A Different Kind of Fairy Tale
There was an evil in me too, a cruel streak. I don’t know where it came from and I didn’t really want it, no more than I’d want big feet or mousy brown hair or a piggish nose. But fuck it. If I’d been born with a piggish nose, then I would own it, like I own the cruel and the mean.
THE FIRST TIME I slept with Poppy, I cried. We were both sixteen, and I’d been in love with her since I was a kid, since I was still reading monster comics and spending too much time practicing sleight-of-hand tricks because I wanted to be a magician. People say you can’t feel real love that young, but I did. For Poppy.
I’d put out a trap in the woods.
I’d caught a wolf.
And now it was screaming.
If Poppy was the Wolf, and Midnight was the Hero . . .
Then who was I?
Poppy Harvey is as beautiful as she is cruel. You could call her a bully or a mean girl – or even THE Mean Girl – but neither does Poppy justice: she’s more like a cross between Regina George and Dexter Morgan, with the snotty, rich girl attitude of the former and the sociopathic tendencies of the latter. She once chopped off Holly Trueblood’s white-blonde hair at the skull – “all because someone said that Holly’s hair was prettier than her own.” Poppy’s the kind of girl who could grind your face in the dirt and then charge you for the privilege of spending time with her. She is the Queen and the Temptress and the Wolf, all rolled into one.

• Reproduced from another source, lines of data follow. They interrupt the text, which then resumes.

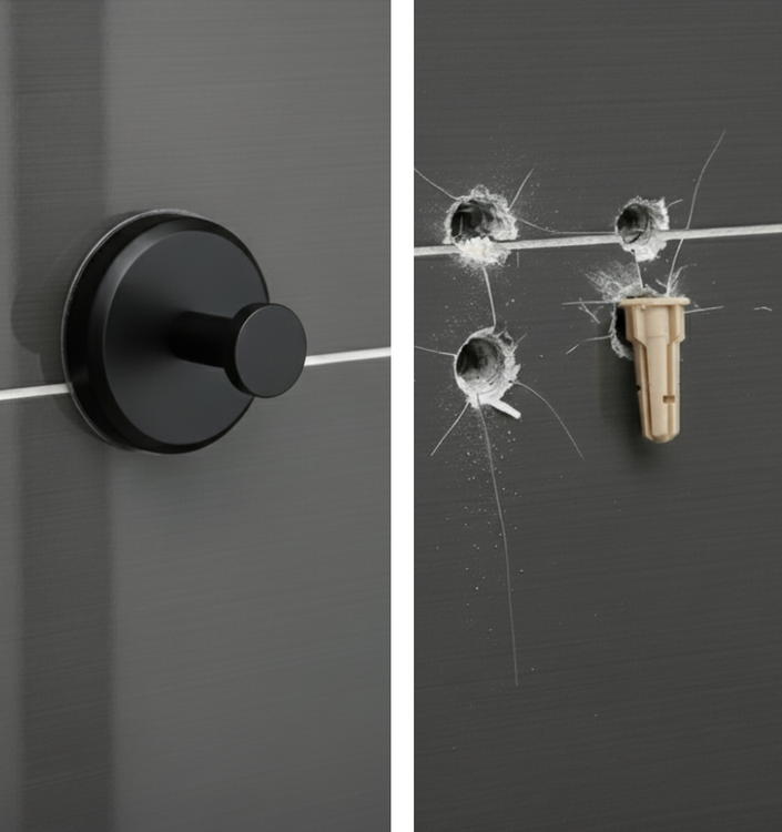 Vergessen Sie Bohren und Kleben! Die innovative TWIST & LOCK-Vakuum-Technologie bietet die perfekte, rückstandsfreie Lösung. Diese Haken lassen sich mühelos auf jeder glatten Oberfläche (z.B. Fliesen, Glas, Acryl, Spiegel und glattem Metall) befestigen. Genießen Sie dauerhaften Halt ohne das Risiko von Wandschäden.
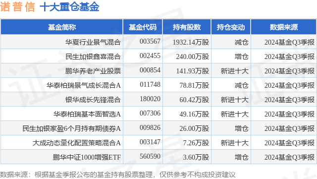 根据2024基金Q3季报公募基金重仓股数据,重仓该股的公募基金共9家,其中持有数量最多的公募基金为华夏行业景气混合。华夏行业景气混合目前规模为79.51亿元,最新净值3.1471(12月18日),较上一交易日上涨0.23%,近一年上涨18.77%。该公募基金现任基金经理为钟帅。钟帅在任的基金产品包括:华夏远见成长一年持有混合A,管理时间为2022年9月20日至今,期间收益率为-7.17%;华夏招鑫鸿瑞混合A,管理时间为2024年1月16日至今,期间收益率为33.96%。
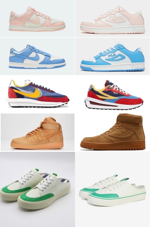 ▲ 나이키·써네이 등 타사 제품(왼쪽)과 휠라 제품 이미지 [온라인 커뮤니티 갈무리]
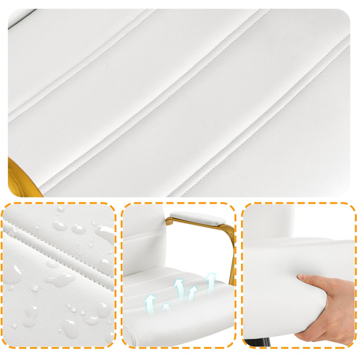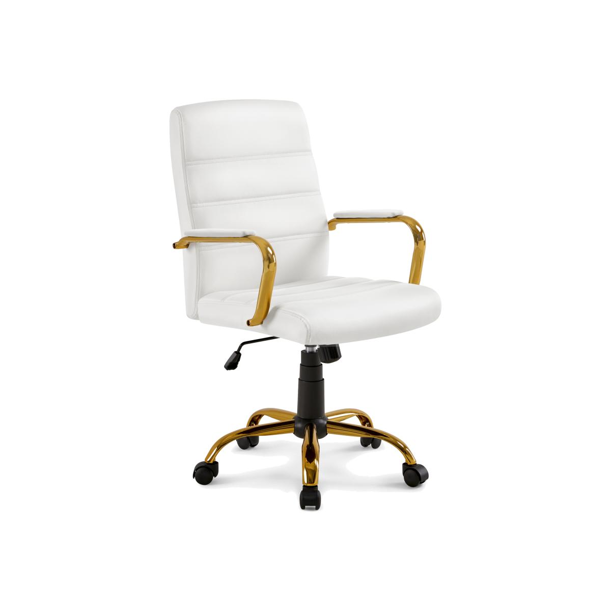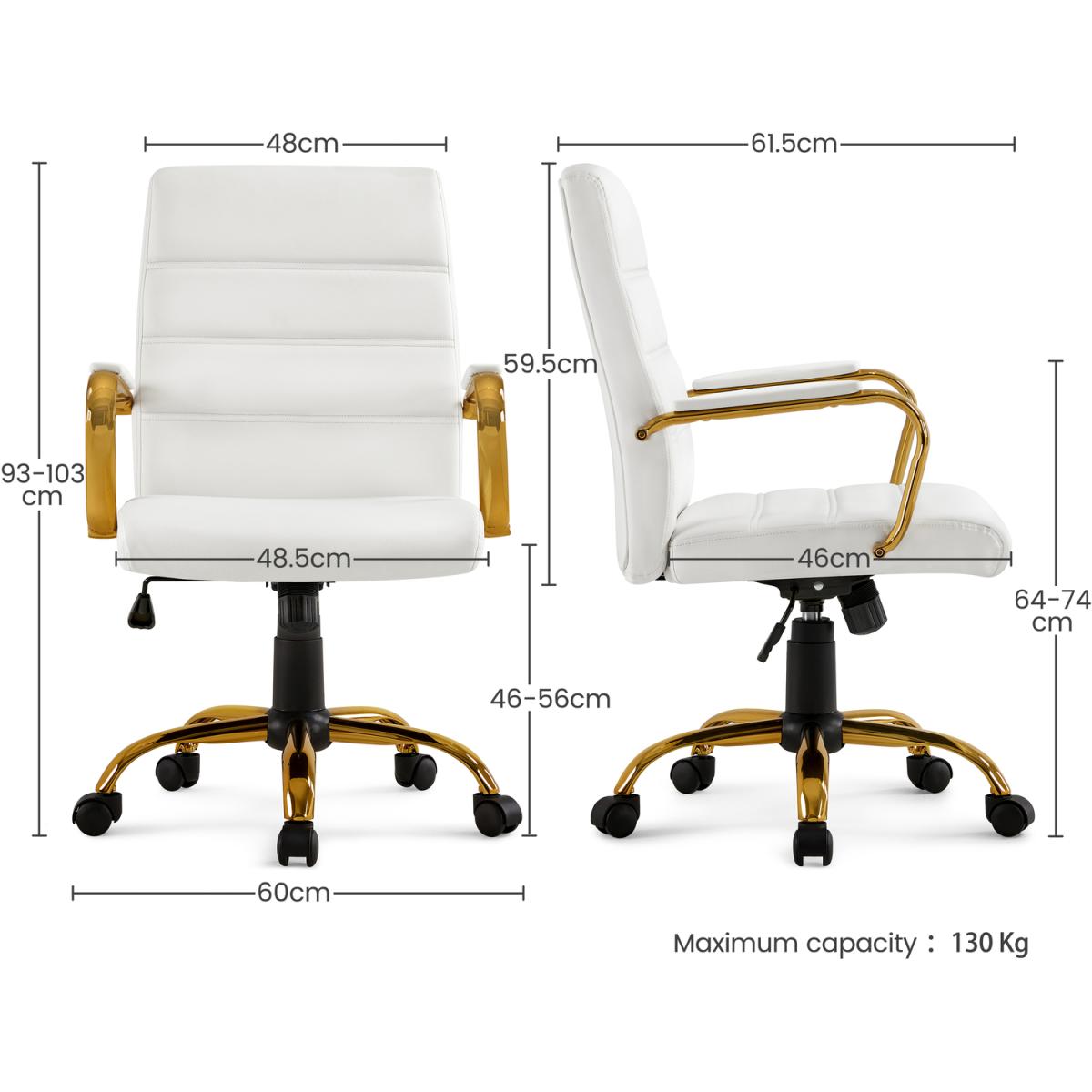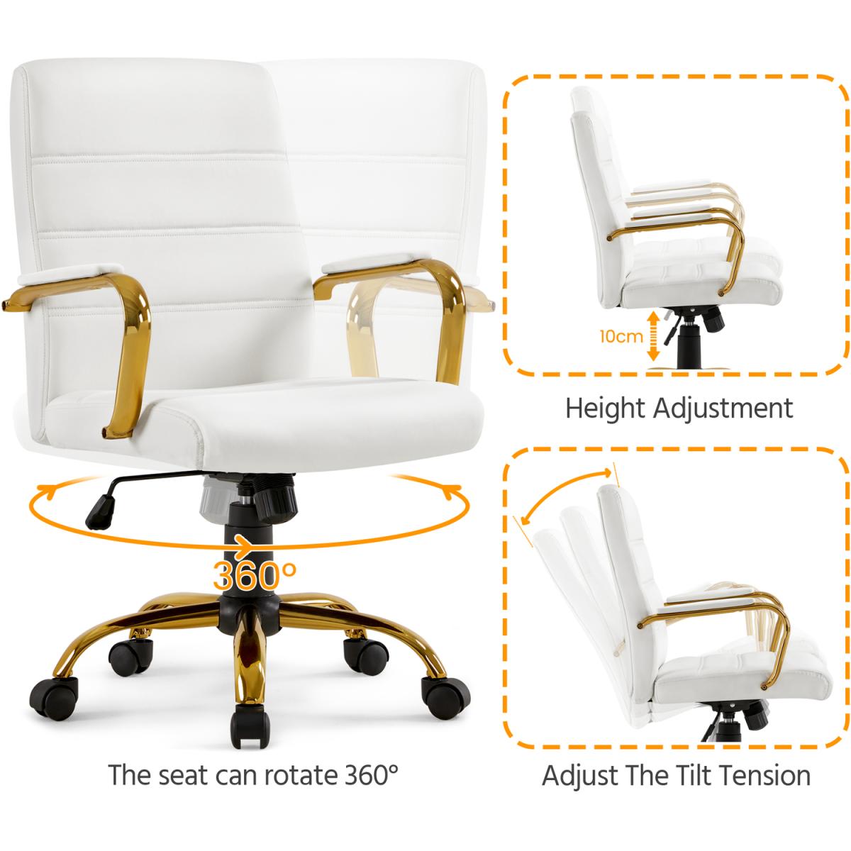 Believe it or not, a comfortable office chair is fundamental for a productive workday. A desk chair like this is ideal for a comfy sitting experience while also introducing an on-trend contemporary look. We apply quality PU leather upholstered fire retardant foam cushioning for the seat and back, and gold-tone chrome-plated steel for the arm and star base. Twisting and turning about is integral within the office and best optimal desk use. The 360 swivel seat and wheels of this mid-back office chair ensure must-have mobility. And with the tilt-lock mechanism and seat height adjustment, you can customize your seat to your preference.

With silky, golden blonde hair, milky white skin, and a knack for social manipulation, Poppy is loved/adored/worshiped by adults and teenagers alike. All but one: Leaf Bell, the oldest and fiercest of the Orphans. Leaf sees beyond Poppy’s surface beauty, all the way down into the ugly, black rottenness of her heart – and he despises her for it. Naturally, Poppy is hopelessly in love with him.